YOUR OBJECTIVE:
For this task, output exactly the lines of the material below starting at the line with "Lot 1049 1972" and ending at the line with "A: Now that"; pictures are to be excluded.

EXERCISE DATA:
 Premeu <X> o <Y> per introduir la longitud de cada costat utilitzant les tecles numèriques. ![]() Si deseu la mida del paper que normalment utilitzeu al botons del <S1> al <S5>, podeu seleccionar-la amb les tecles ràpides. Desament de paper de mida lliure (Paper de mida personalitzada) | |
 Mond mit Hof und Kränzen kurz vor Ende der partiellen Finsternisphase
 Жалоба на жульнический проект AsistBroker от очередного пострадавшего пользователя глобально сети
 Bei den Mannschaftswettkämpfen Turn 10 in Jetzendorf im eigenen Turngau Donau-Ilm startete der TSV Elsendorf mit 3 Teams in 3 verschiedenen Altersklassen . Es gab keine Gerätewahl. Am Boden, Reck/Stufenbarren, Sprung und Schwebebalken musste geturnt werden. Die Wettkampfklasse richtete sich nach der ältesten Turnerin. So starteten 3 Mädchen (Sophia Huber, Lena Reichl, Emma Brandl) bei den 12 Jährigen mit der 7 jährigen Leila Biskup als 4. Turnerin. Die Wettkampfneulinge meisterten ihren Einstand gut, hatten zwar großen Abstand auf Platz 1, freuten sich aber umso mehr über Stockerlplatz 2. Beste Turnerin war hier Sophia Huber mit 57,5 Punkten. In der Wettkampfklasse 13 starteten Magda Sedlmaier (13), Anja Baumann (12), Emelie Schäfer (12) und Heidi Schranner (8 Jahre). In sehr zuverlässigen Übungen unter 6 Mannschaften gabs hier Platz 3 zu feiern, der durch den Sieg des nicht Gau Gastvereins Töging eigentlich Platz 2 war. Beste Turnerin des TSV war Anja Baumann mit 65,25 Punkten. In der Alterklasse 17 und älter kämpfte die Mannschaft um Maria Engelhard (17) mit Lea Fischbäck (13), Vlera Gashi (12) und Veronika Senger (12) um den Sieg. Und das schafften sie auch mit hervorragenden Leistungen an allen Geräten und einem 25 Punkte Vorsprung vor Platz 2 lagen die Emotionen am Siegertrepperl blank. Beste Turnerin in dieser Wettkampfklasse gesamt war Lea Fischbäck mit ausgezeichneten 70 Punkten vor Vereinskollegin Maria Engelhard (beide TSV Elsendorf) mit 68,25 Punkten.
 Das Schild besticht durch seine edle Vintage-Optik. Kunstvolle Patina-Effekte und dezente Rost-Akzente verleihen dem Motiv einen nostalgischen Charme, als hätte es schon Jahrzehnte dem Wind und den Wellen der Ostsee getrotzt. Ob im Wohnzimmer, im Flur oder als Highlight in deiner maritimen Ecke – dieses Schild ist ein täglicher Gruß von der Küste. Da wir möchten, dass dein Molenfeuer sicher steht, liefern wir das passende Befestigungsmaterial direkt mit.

...

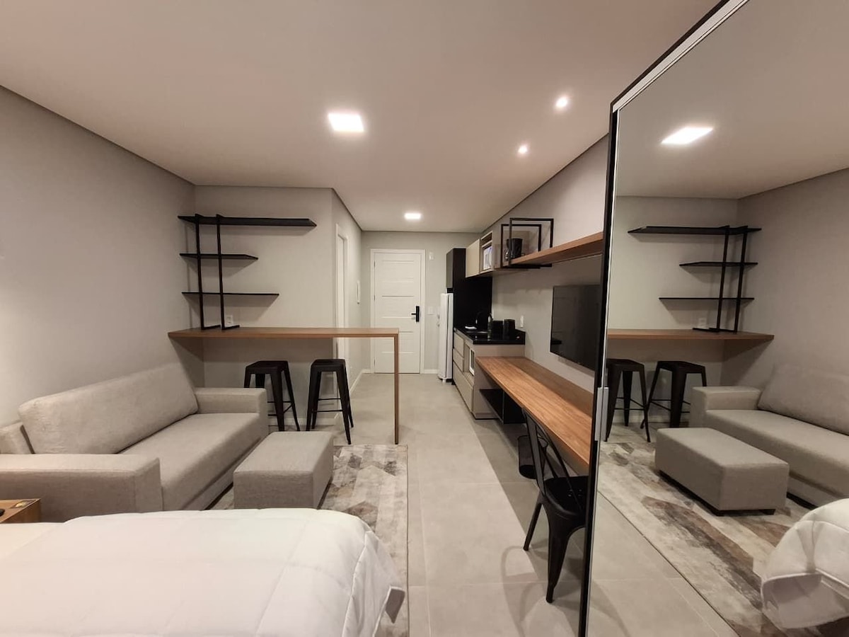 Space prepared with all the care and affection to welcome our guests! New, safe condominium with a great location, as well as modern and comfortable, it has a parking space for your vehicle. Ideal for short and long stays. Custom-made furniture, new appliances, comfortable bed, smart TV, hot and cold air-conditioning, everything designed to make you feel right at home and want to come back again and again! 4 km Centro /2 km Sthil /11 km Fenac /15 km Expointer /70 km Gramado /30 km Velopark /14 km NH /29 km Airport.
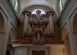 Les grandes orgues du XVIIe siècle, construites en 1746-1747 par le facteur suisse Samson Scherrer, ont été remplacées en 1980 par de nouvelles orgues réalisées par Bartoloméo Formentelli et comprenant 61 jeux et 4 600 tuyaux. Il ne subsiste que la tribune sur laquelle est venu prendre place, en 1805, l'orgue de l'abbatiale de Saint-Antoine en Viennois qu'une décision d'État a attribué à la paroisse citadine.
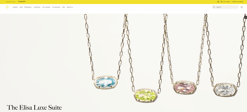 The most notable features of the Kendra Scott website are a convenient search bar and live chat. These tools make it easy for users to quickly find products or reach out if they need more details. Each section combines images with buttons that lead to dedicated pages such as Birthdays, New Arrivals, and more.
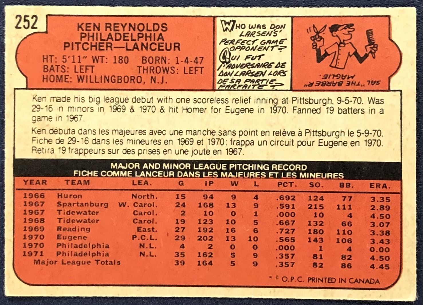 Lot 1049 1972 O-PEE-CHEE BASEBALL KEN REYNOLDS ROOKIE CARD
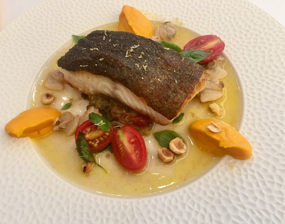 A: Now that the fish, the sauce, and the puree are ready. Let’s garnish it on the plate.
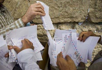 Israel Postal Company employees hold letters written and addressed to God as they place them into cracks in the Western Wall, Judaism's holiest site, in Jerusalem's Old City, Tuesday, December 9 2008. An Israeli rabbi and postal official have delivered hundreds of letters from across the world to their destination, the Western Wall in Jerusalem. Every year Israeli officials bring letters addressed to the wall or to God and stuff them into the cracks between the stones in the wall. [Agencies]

SOLUTION BELOW:
 Lot 1049 1972 O-PEE-CHEE BASEBALL KEN REYNOLDS ROOKIE CARD
 A: Now that the fish, the sauce, and the puree are ready. Let’s garnish it on the plate.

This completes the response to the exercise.